• Entries supplied
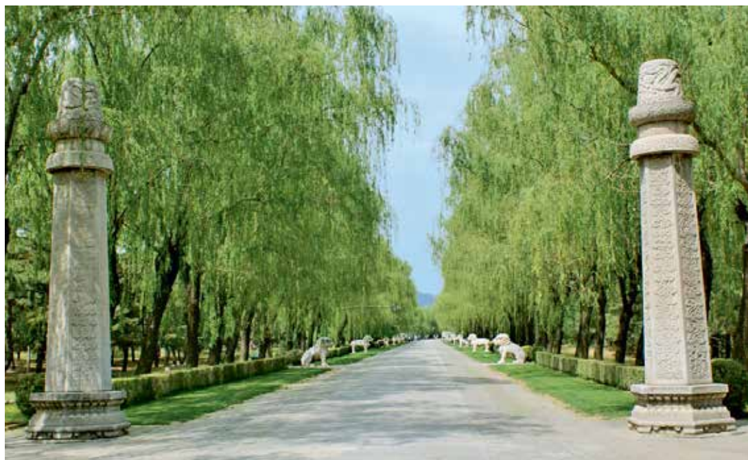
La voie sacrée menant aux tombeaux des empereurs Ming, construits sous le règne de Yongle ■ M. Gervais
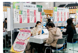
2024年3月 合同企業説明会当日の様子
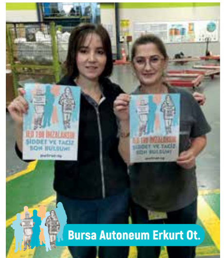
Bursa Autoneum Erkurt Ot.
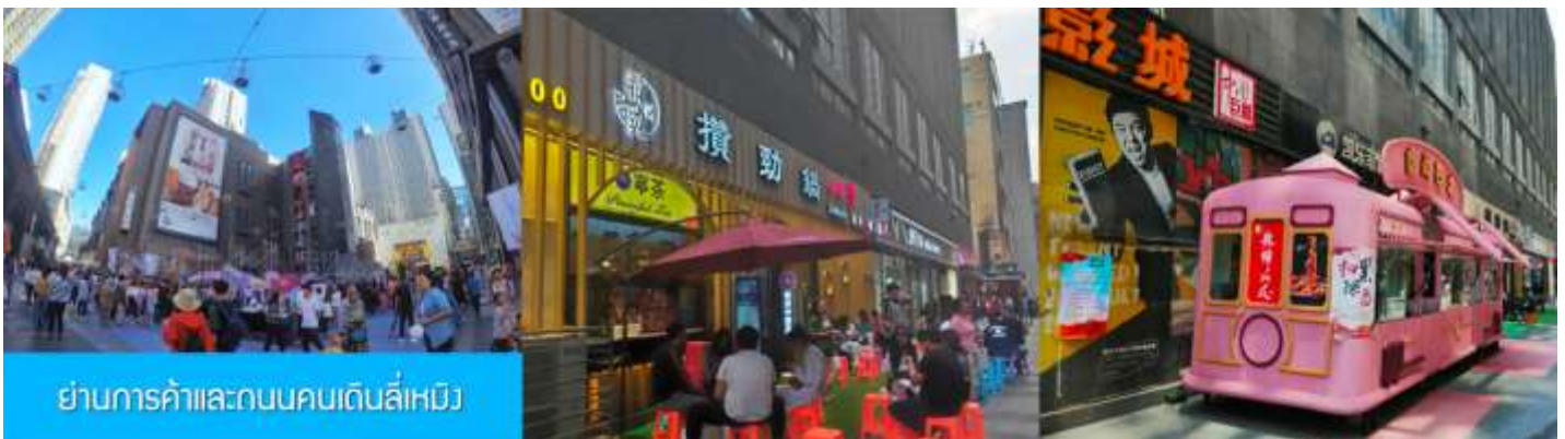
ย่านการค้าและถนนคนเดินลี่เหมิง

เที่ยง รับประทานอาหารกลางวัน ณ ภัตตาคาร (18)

---

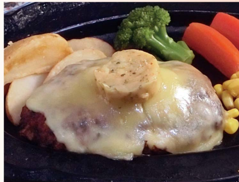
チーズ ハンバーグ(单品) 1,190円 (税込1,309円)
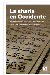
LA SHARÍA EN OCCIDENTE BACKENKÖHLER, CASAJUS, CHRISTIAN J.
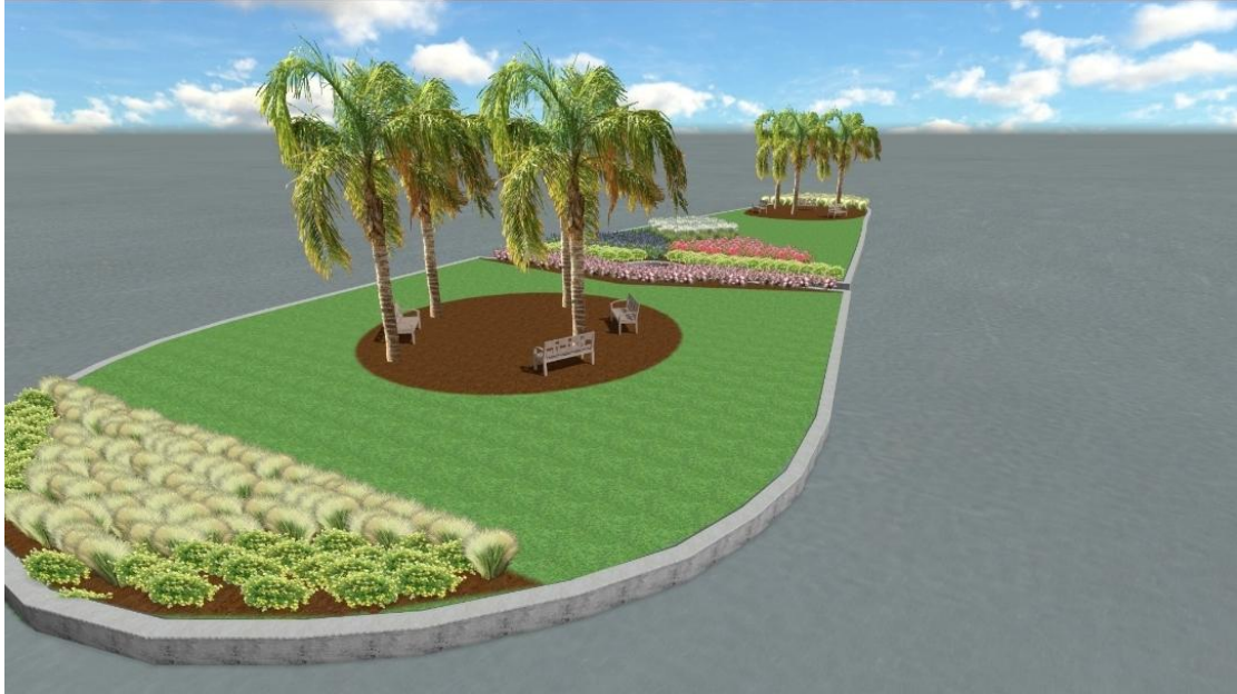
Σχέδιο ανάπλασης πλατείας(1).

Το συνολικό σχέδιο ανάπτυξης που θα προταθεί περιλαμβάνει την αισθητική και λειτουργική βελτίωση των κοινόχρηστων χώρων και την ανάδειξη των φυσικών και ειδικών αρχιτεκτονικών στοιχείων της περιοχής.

• Task description
Return only the part above that opens with the line containing "La voie sacrée" and closes with the line containing "เที่ยง รับประทานอาหารกลางวัน ณ ภัตตาคาร (18)", exactly and with both ends, skipping the pictures.

• Task response
La voie sacrée menant aux tombeaux des empereurs Ming, construits sous le règne de Yongle ■ M. Gervais
2024年3月 合同企業説明会当日の様子
Bursa Autoneum Erkurt Ot.
ย่านการค้าและถนนคนเดินลี่เหมิง

เที่ยง รับประทานอาหารกลางวัน ณ ภัตตาคาร (18)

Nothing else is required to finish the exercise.